* [Description of the task]: If a record contains a picture, skip the picture and transcribe the rest exactly.

- - - - - - -

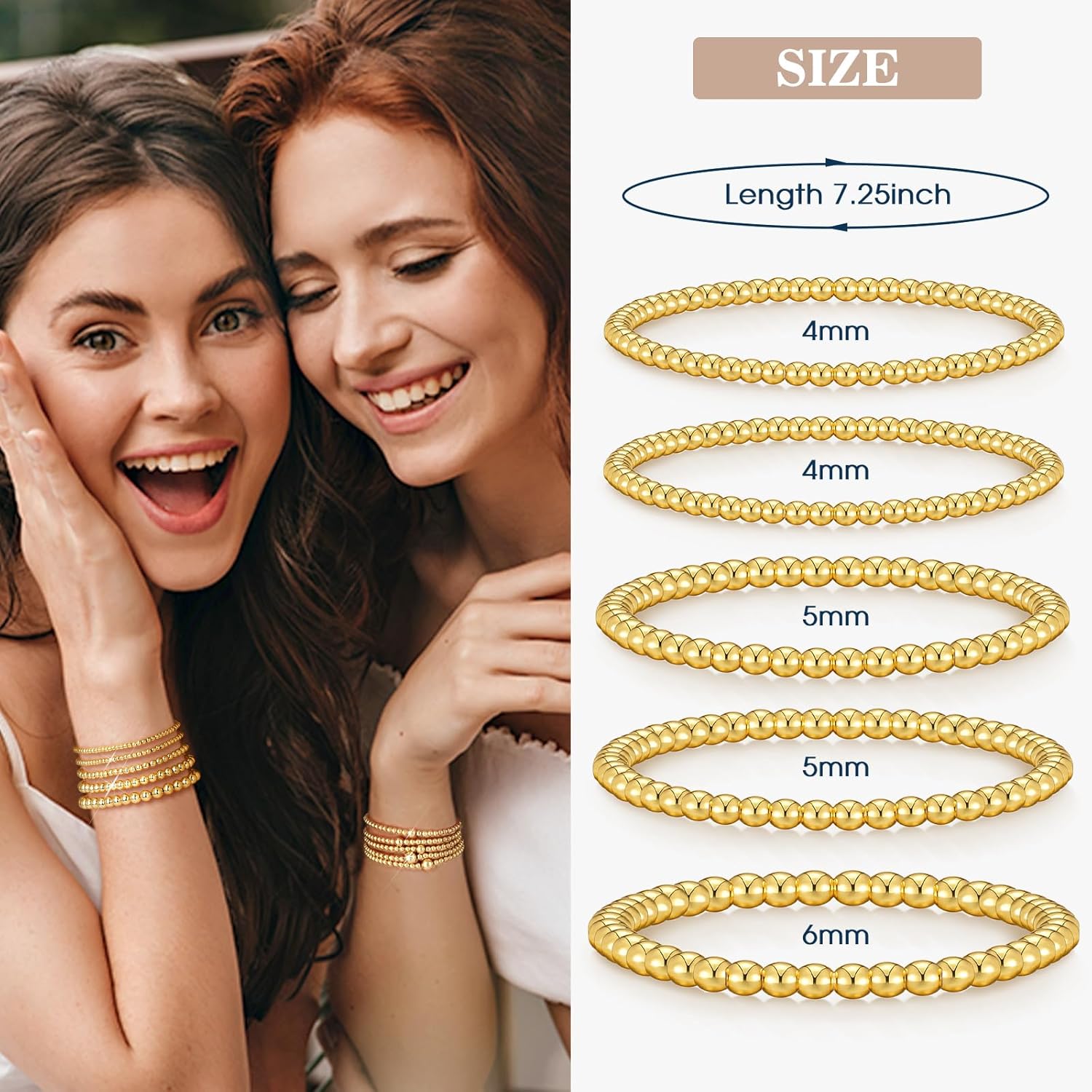 doubgood Gold Bracelets for Women Gold Beaded Bracelets for Women Gold Bracelet Stack 14K Gold Plated Stackable Stretch Bead Ball Bracelet Sets
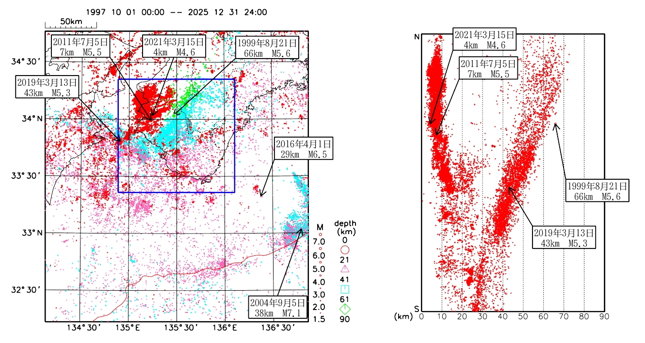 ②沈み込むフィリピン海プレート内部の地震は、三重県から紀伊水道にかけてのやや深い深さ30~70kmの場所で発生しています。この場所ではM5以上の地震が時々発生しており、1999年8月21日の和歌山県北部の地震(M5.6、深さ66km)では最大震度5弱を観測するなど、強い揺れになることもあります。
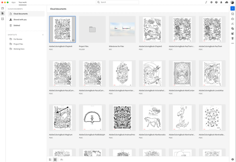 Додаток Creative Cloud спрощує пошук й управління шрифтами, навігацію хмарними документами і доступ до ресурсів, якими користувачі діляться через бібліотеки Creative Cloud.
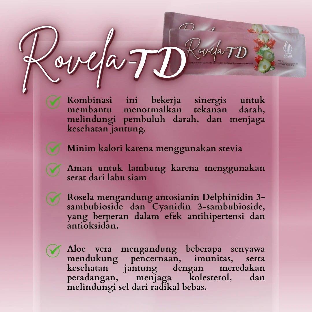Percayakan kesehatan anda pada Rovela-TD. Minuman serbuk ini membantu menormalkan hipertensi, aman bagi lambung, dan rendah kalori. Tunggu apa lagi? Pesan sekarang dan rasakan sendiri manfaatnya!
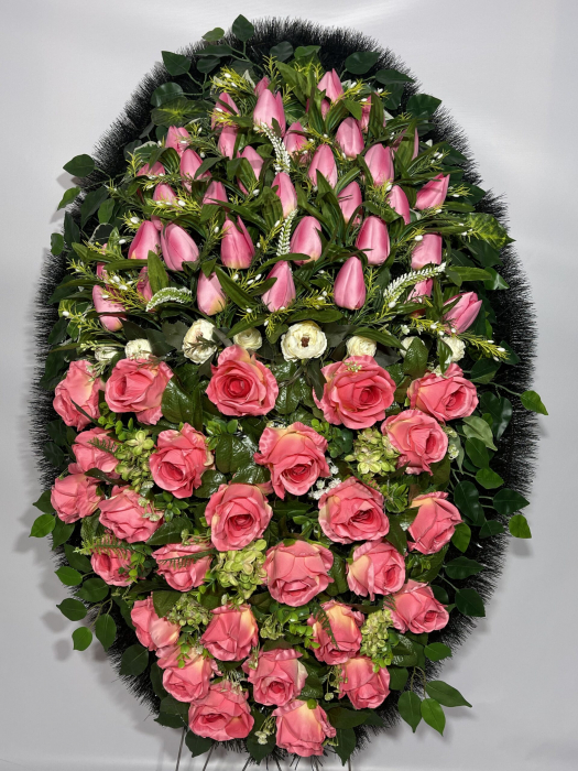 Модель от отечественного производителя имеет форму эллипса с остроугольными краями. Крупные розы различных сортов в окружении махровых гвоздик и соцветий мускари составляют основу композиции. Сиреневая цветовая гамма представлена на фоне ярко-зелёных пальмовых листьев разбавлена двумя белыми одиночными розами. Обрамлением служит хвойный лапник, увитый траурной лентой. Венок выражает охватившую сердце печаль и горькое сожаление о невозможности повернуть время вспять. Флористический материал выполнен из пластика, текстиля и проволоки
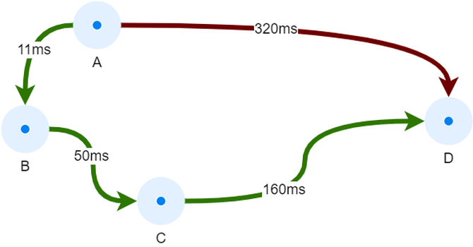 实时音视频对网络的要求非常高,如果通话双方距离很远,那么通话质量是很难保证的。城市A的设备给城市D的设备发送数据,直接发送未必是合适的选择,从城市B和城市C中转一下有可能更快。理想的解决方案是在全球部署加速节点,用户就近接入。根据加速节点之间的实时网络质量探测数据,找到一条合适的传输路径,避开网络的拥堵。
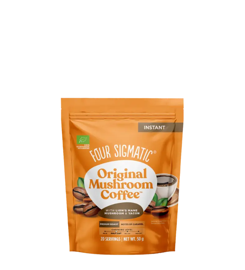 Four Sigmatic is een Amerikaans bedrijf dat voedingsproducten en supplementen met paddenstoelenextracten produceert. Ze combineren paddenstoelenextracten met hoogwaardige koffie, cacao en kruiden, zodat je makkelijk een vorm en dosering vindt die bij je past. Ze gebruiken geavanceerde extractiemethoden en geven waar mogelijk de voorkeur aan biologische ingrediënten.
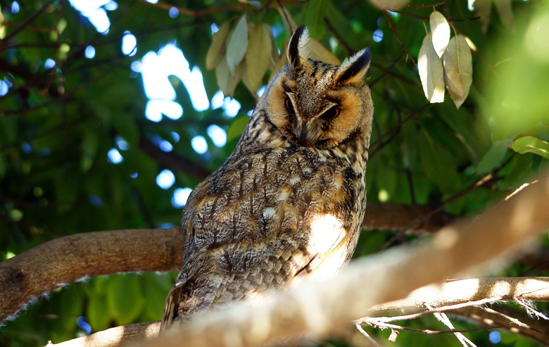 見沼田圃で、トラフズクを見ることができるとは思ってもいませんでした。どうも番だと思われている2羽のうちの1羽で、メスではないかとの別の観察者の意見でした。オスだと思われるもう一羽は、葉陰深くに入り込んで到底撮影できません。
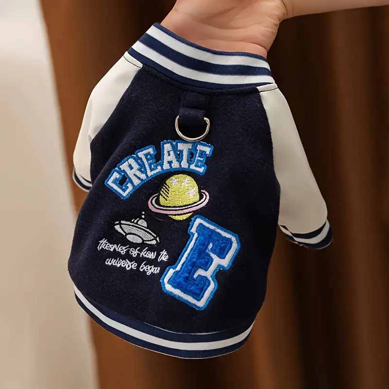 Stylish Polyester Pet Sports Coat - Small Breed Dog Baseball Jacket with Snap Button - Planetary Pattern Puppy Sweater for Spring\u002FFall Outerwear
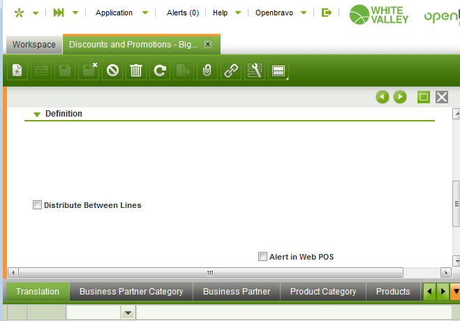 2. Open Discount and Promotions window and go to the Definition section. Take a look at the field distribution, there are two checks, Distribute between lines and Alert in Web POS that are placed in odd places. See screenshot.

- - - - - - -

* [Solution for this exercise]:
 doubgood Gold Bracelets for Women Gold Beaded Bracelets for Women Gold Bracelet Stack 14K Gold Plated Stackable Stretch Bead Ball Bracelet Sets
 ②沈み込むフィリピン海プレート内部の地震は、三重県から紀伊水道にかけてのやや深い深さ30~70kmの場所で発生しています。この場所ではM5以上の地震が時々発生しており、1999年8月21日の和歌山県北部の地震(M5.6、深さ66km)では最大震度5弱を観測するなど、強い揺れになることもあります。
 Додаток Creative Cloud спрощує пошук й управління шрифтами, навігацію хмарними документами і доступ до ресурсів, якими користувачі діляться через бібліотеки Creative Cloud.
Percayakan kesehatan anda pada Rovela-TD. Minuman serbuk ini membantu menormalkan hipertensi, aman bagi lambung, dan rendah kalori. Tunggu apa lagi? Pesan sekarang dan rasakan sendiri manfaatnya!
 Модель от отечественного производителя имеет форму эллипса с остроугольными краями. Крупные розы различных сортов в окружении махровых гвоздик и соцветий мускари составляют основу композиции. Сиреневая цветовая гамма представлена на фоне ярко-зелёных пальмовых листьев разбавлена двумя белыми одиночными розами. Обрамлением служит хвойный лапник, увитый траурной лентой. Венок выражает охватившую сердце печаль и горькое сожаление о невозможности повернуть время вспять. Флористический материал выполнен из пластика, текстиля и проволоки
 实时音视频对网络的要求非常高,如果通话双方距离很远,那么通话质量是很难保证的。城市A的设备给城市D的设备发送数据,直接发送未必是合适的选择,从城市B和城市C中转一下有可能更快。理想的解决方案是在全球部署加速节点,用户就近接入。根据加速节点之间的实时网络质量探测数据,找到一条合适的传输路径,避开网络的拥堵。
 Four Sigmatic is een Amerikaans bedrijf dat voedingsproducten en supplementen met paddenstoelenextracten produceert. Ze combineren paddenstoelenextracten met hoogwaardige koffie, cacao en kruiden, zodat je makkelijk een vorm en dosering vindt die bij je past. Ze gebruiken geavanceerde extractiemethoden en geven waar mogelijk de voorkeur aan biologische ingrediënten.
 見沼田圃で、トラフズクを見ることができるとは思ってもいませんでした。どうも番だと思われている2羽のうちの1羽で、メスではないかとの別の観察者の意見でした。オスだと思われるもう一羽は、葉陰深くに入り込んで到底撮影できません。
 Stylish Polyester Pet Sports Coat - Small Breed Dog Baseball Jacket with Snap Button - Planetary Pattern Puppy Sweater for Spring\u002FFall Outerwear
 2. Open Discount and Promotions window and go to the Definition section. Take a look at the field distribution, there are two checks, Distribute between lines and Alert in Web POS that are placed in odd places. See screenshot.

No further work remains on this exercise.